Sep 28, 2013; Tempe, AZ, USA; USC Trojans head coach Lane Kiffin reacts during the first half against the Arizona State Sun Devils at Sun Devil Stadium. Mandatory Credit: Matt Kartozian-USA TODAY Sports

Coaches Hot Seat Top 10 - Week 5

Week 5 brought with it the first firing – Lane Kiffin at USC. Kiffin didn’t even make it back to campus before AD Pat Haden terminated the coach’s contract. Remember, Haden recorded a video before Pac-12 Media Days saying that Kiffin was not on the hot seat and that he backed his coach “100 percent.” It took all of five games – two of which were Pac-12 losses – for Haden to do a 180. The Trojans have been a trainwreck, to be sure. Their three wins have come against two weak non-conference opponents and a decent Utah State program. League play has seen USC lose at home to Washington State and, this week, 62-41 at Arizona State.

That, in Haden’s estimation, was simply too much. Haden reportedly made the decision during the third quarter while Arizona State was in the midst of a 28-point run. Kiffin was reportedly pulled off the team bus outside LAX to meet with Haden, where he was fired.

While Kiffin was the first to lose his job, he most likely won’t be the last from a BCS conference this season.

Who could be next?

Here goes the Week 5 Hot Seat Top 10.

1.      Lane Kiffin, USC (Last Week: 4); Lost at Arizona State, 62-41

Kiffin takes the head of the table one last time. You know – for old time’s sake. It seems like just last year that USC opened the season as the No. 1 team. It was last year? Oh. Well that explains how Kiffin didn’t even survive his fourth season. Just when the Trojans seemed like they were ready to turn a corner after the 2011 season, things fell apart. USC has lost seven of its last 11 games, including to four unranked teams. USC (3-2, 0-2) lost its first two conference games for the first time since 2001. Pete Carroll was in his second season at the time, just one year away from turning the program into the Pac-12 dynasty. Kiffin inherited said dynasty, albeit on the downslide, and crash-landed it onto Lost Island. Kiffin had to fire both coordinators last year, including his famous defensive coordinator father Monte Kiffin (who technically “resigned.”) It didn’t look good when the season starts. Still, making the move five games in came as a bit of a surprise. Next up: For Kiffin, who knows? He always seems to fail upward, so… Dallas Cowboys?

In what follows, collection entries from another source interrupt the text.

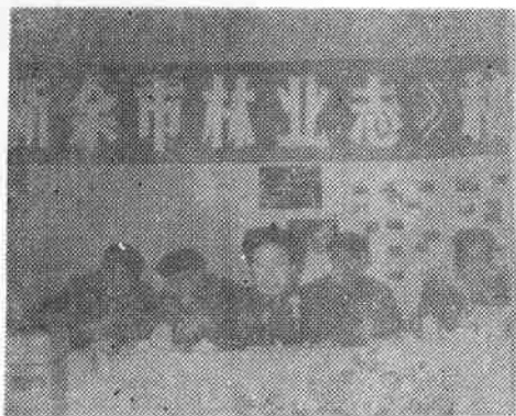
副市长李炯辉在大会上作总结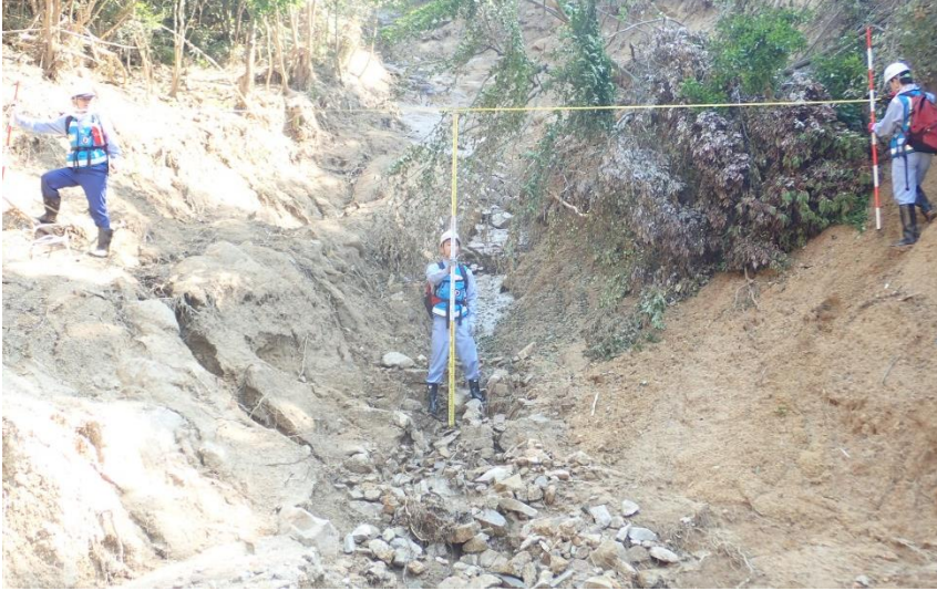
被害状況調査(新見市)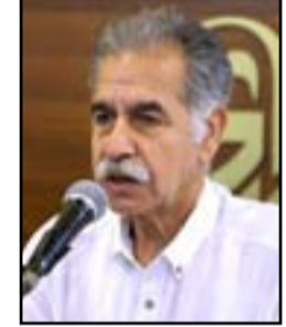
روح جواد تسكن نصب الحرية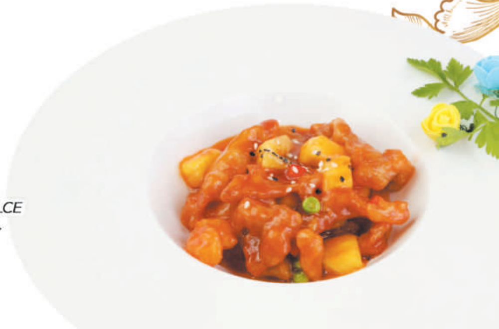
A61 MAIALE IN AGRODOLCE maiale, salsa agrodolce, piselli, peperoni, ananas €5,00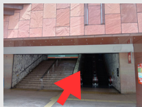
④正面玄関の階段・エスカレーターで3階へ向かう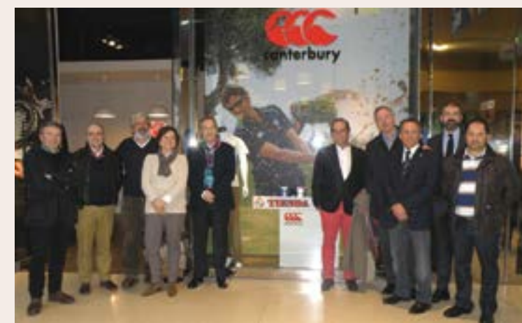
Junta Directiva en la tienda oficial de la F.G.G.

2.      Paul Pasqualoni, UConn (Last Week: 2); Lost at Buffalo, 41-12

This week’s loss at Buffalo leaves little to be decided. Pasqualoni, as at least one local columnist pointed out in the aftermath of the debacle, must go. A week after UConn (0-4) had such a spirited effort against Michigan, pushing the Wolverines to the limit, the Huskies mailed in a woeful performance at Buffalo. Pasqualoni, unlike Kiffin, is still employed today. He now has a bye week to figure things out before hosting winless and equally inept South Florida. At this point, it’s virtually impossible to envision a scenario in which Pasqualoni keeps his position into 2014. Next up: Bye week.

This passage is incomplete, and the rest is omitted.